# Thunder valley raceway in Indiana



## brownie374 (Nov 21, 2007)

I cant find the post but someone was looking for the address to this track.They have an oval and I believe a 1/32 track.Thunder vallay raceway 414 s. laurel st. Mishawaka In.


----------



## Sundance (May 5, 2003)

They race Oval on Friday night and 1/32 on Saturday morning.:woohoo:


----------



## tazman052186 (Oct 19, 2005)

Is the track still open and when are you guys racing. I used to race when there was a track down in Plymouth but it moved up there. Im looking to get back in to racing but need stuff to race. Wanted to see when you guys where racing and open to come check it out and get back into the hang of it.


----------



## Dino2 (Sep 14, 2011)

*Wow*

Although I am a new member here that Mishawaka address sounds right on
Dino2


----------



## hydroracer (Feb 18, 2004)

mishawaka is Thazer Raceway....not sure if they do oval at all though....if they do, let me know and I'll see about getting a car!


----------



## tazman052186 (Oct 19, 2005)

Where is thazer at and when do they run? I called the numbers I found and they dont work at all.


----------



## wnovess99onebay (Aug 9, 2010)

Guy at State Line Hobby Shop gave me a card for Thazer Raceway back in January. Never been there, wanted to go but the cars they race are just too different from what we use around here. Hate to build something to just race it once. If they raced FCR cars I would go, frequently. The card says they have a 135 fot American Hillclimb and a 1/32 home track. 2919 Mishawaka Ave, South Bend IN 46615

574-232-2118


----------



## glueside (Jul 31, 2010)

Thazer used to be a gentleman by the name of Dave Gehring. One HELL of a great racer and good all around person. If anyone is there tell Dave "HI" from the "Real SPR" - he will understand.


----------



## tazman052186 (Oct 19, 2005)

so they arent raceing fcr cars anymore. that stinks. just need to know if thunder valley is open and see what they race. i know back when i was racin with them they were talking about thazer and thunder valley goin in together in one big biulding. i will have to call the number and see what else they race so i can try and get a couple cars to race there. where is state line hobby shop at and do they race slots there?


----------



## wnovess99onebay (Aug 9, 2010)

If you want to race FCR cars just come to Kalamazoo. We have three classes of FCR racing. Flexi racing never took off around here. Racing is year-round.


----------



## brownie374 (Nov 21, 2007)

What are the 3 classes of fcr?


----------



## hydroracer (Feb 18, 2004)

wnovess99onebay said:


> If you want to race FCR cars just come to Kalamazoo. We have three classes of FCR racing. Flexi racing never took off around here. Racing is year-round.

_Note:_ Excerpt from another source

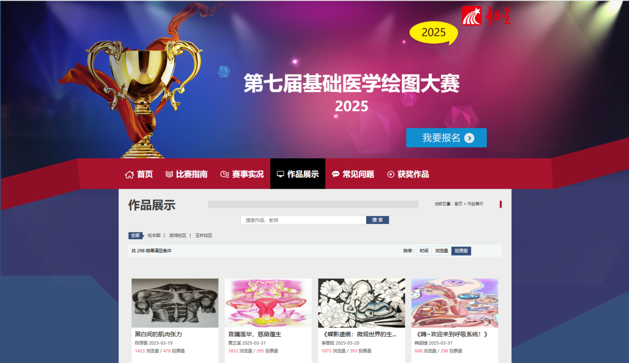 自大赛启动以来,同学们踊跃参与,以医员工独特的视角和细腻的笔触,融合艺术美学,创作出兼具科学性与艺术性的作品。入围复赛作品经现场展示、网络投票及专家评委和员工评委评审,结合作品的科学性、艺术性、创新性等维度综合评定,最终评选出一等奖4名,二等奖16名,三等奖70名。

what is the name of the track up there? Also, are they running oval?


----------



## kazooracer (Jul 19, 2005)

This is the track we're racing at. It's just south of Kalamazoo:

Slots Raceway is located at 5170 S. Ave East Vicksburg, MI 49097
Phone # 269-217-7121
8 lane Gerding oval
1/8th mile drag strip
Doors open at 6PM, racing starts at 7PM
Summer: Wednesday only
Winter: Wednesday, Friday and Saturday 

I may be wrong but I think the tentative schedule for this Fall will be:

Wednesdays: 1948-1959 Hardbody and some sort of FCR class.
Fridays: Stock FCR with handout and FCR hardbody.
Saturdays: 1/8 drag strip

Last year we would have 25+ racers show up on Fridays for the FCR handout series, and I think 75+ cars for drag racing on Saturdays.


----------



## Sundance (May 5, 2003)

Thazers and Thunder valley are racing. Thunder Valley has a High bank oval that is wicked. Thazers has a restored 60's era cross over road course. its just bad fun!!! Dave at Thazers One hell of a great guy, Brian At Thunder Valley is great too. All the guys who race at both track are super.


----------



## hydroracer (Feb 18, 2004)

sundance....when are they racing at Thunder Valley? also, what are they racing?


----------



## thayerracing (Aug 17, 2008)

Anyone have any info on thunder valley????????????


----------



## Sundance (May 5, 2003)

Thunder Valley
Race Friday nights 
Location 5th & laural 
Hardbody FCR , JK Modifieds 
High bank oval very fast.


----------



## thayerracing (Aug 17, 2008)

That sucks that the only time they are open???


----------



## Sundance (May 5, 2003)

I don't know they just changed management.They were open onSaturday morning don't know if they will be doing that this winter. I don't have the phone number any more.


----------